Cure evangelists want to spread the good news, and while they’re not always holding Bibles with tissue-thin pages and gilded edges, they possess that same confidence that their way is the right way; that their targets can be brought to heel/heal; that the rules of polite society—no invasive questions, dear—can be suspended because of the urgency. There’s yoga and crystals and vitamins and meditation, of course, but also some treatment or another that they’ve heard about and believe will magically fix everything: stem cells, or some medication their husband’s coworker’s friend’s cousin heard about. A second opinion from a different, better doctor. Not taking the medication as prescribed. Essential oils. Chiropracty. Surely there’s some fix. Pray to the saints to fix you.
There is something crushing about knowing that people harbor a secret wish that disabled people were nondisabled.
There is something crushing about knowing that people harbor a secret wish that disabled people were nondisabled—like them—or that they think disabled people are in some kind of holding pattern, waiting for the day they wake up nondisabled and get on with their lives. It cultivates a deep wariness, tempered with fear, of everyone, friend or stranger: Is this going to be the day someone disappoints, reveals the tremendous gap between our two lives?

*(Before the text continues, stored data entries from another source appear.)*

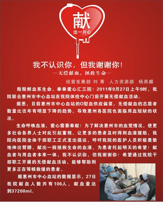 “無償獻(xiàn)血,拯救生命”——我院聯(lián)合市中心血站開展無償獻(xiàn)血活動(dòng)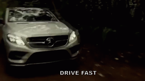 A Mercedes-Benz SUV drives rapidly down a dark, unpaved road, with the text 'DRIVE FAST' displayed.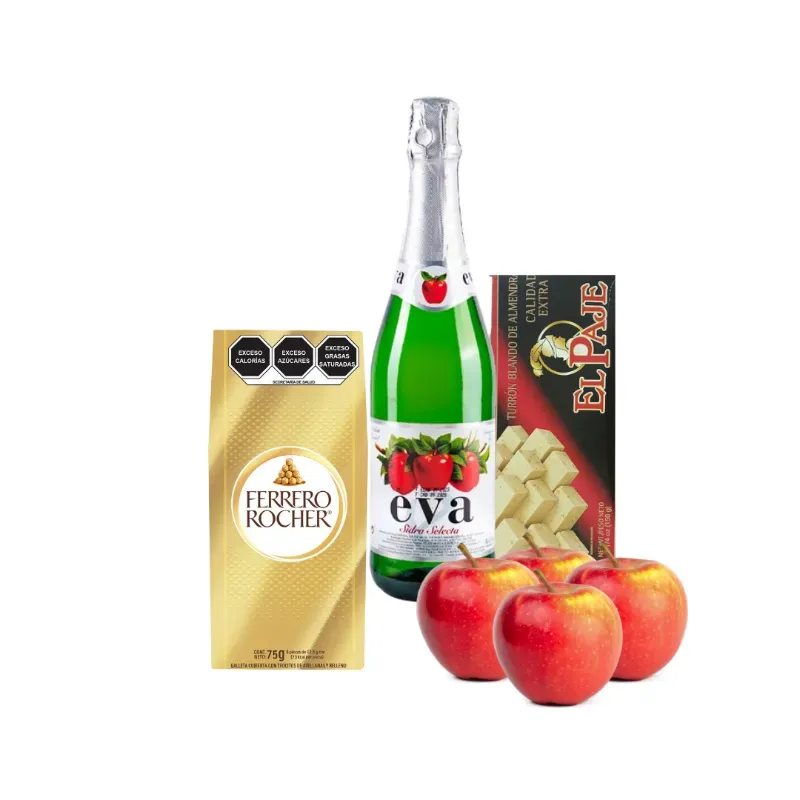Combo Fin de Año #5 ¡El toque dulce perfecto para recibir el Año Nuevo! Este combo #5 está pensado para quienes prefieren el turrón blando y un toque de chocolate en tamaño personal. Incluye Sidra Clásica Eva, 4 manzanas, turrón blando de 150g y una selección de 6 bombones Ferrero Rocher. Ideal para disfrutar en familia, en pareja o como un detalle especial y completo.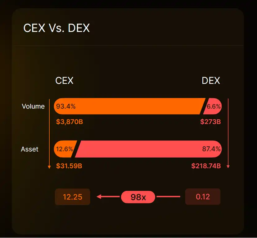 其次,从加密市场的存量资金数据来看,加密用户在 CEX 中的资产约 315.9 亿美元,仅占总资产的 12.6%,而这批用户在 CEX 上的现货月交易量却高达 3.87 万亿美元,占总交易量的 93.4%——与之相对的,加密用户有 2817.4 亿美元存在链上,占加密总资产的 87.4%,但发生在链上的现货月交易量却只有 2730 亿美元,是总交易量占比的 6.6%。资产和交易量的的「错配」,让我们看到,CEX 仍然是加密用户的交易主阵地,而 DEX 更多是处于「试验田」的定位——而如果 DEX 能够在吞吐量、用户体验、可拓展性等方面取得突破,优化用户交易体验,链上资产必然将省去提币至 CEX 交易的冗余步骤,直接在 DEX 进行交易,而去中心化 DEX 就能兑现链上巨量资产的潜在交易市场,迎来一波巨幅增量。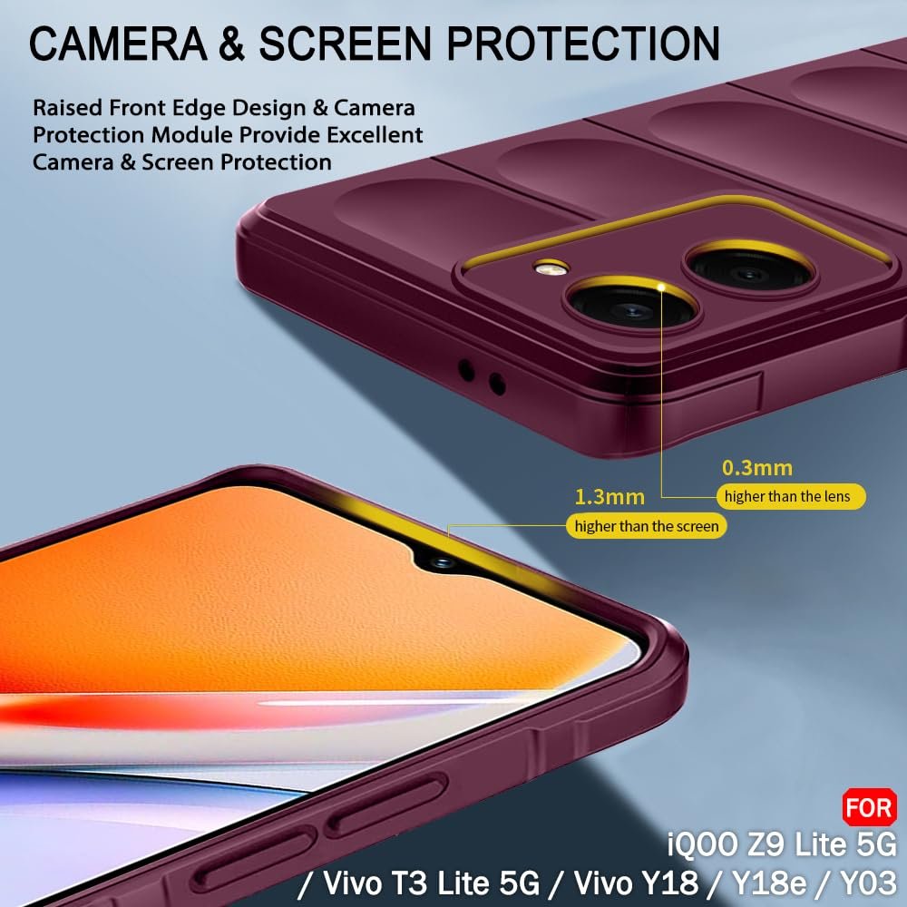 TheGiftKart Liquid Silicon Back Cover Case for iQOO Z9 Lite/Vivo T3 Lite 5G / Y18/Y18e/Y03/Y28s/Y37 | Shockproof Military Grade Protection | Micro-Fibre Cloth On Inside | Anti-Slip Grip (TPU, Plum)

I think sometimes about the other parts of me that people think are broken and need fixing—the things that they pray for, the things that we’re supposed to hate about ourselves and tear away. Sometimes the church is progressive now, says it’s okay as long as you don’t get in anyone’s face about it, but the Eastern Orthodox Church sure isn’t, and neither are their sundered brethren in Rome. The “cool pope” says queers like me are okay now so long as we exist in some kind of liminal space where we aren’t actually, you know . Love the sinner, hate the sin, but the sinner is the sin. Pray to the saints to fix you.
I wonder, sometimes, if they ever consider how it feels to hear an endless tide of comments and questions like this, how their words drag the body over hot coals and make it feel like a sin, a wrongness, something I did. My body is no longer my own, instead something that society owns and plays with as it will, something lumpy and misshapen and sad, edges feathered like old paper. Every fleeting hand I put up in protest is summarily batted down, while people drone about all the things I should have considered doing to be less broken, all the things I could do to fix myself if I cared enough. When I close my eyes, I am back in church, tasting incense at the back of my throat, saints glaring down from dim alcoves, flaking gold leaf drifting through the candlelight.
One may smile and smile and be a villain , I think, looking at rictus grins in hollow skulls and attempting to tune out the voices that hem me in with their confident prattle, feeling my hand tingling where once a ruler lay, wondering whether I can wheedle a sweet bun out of my father—who will order the parts from Athens if he can, but likes the carousel broken just the same, because you can still sit on it and watch the boats go out and listen to the waves, shhhhhhhh on the rocks, and no one will be there to tell you to repent.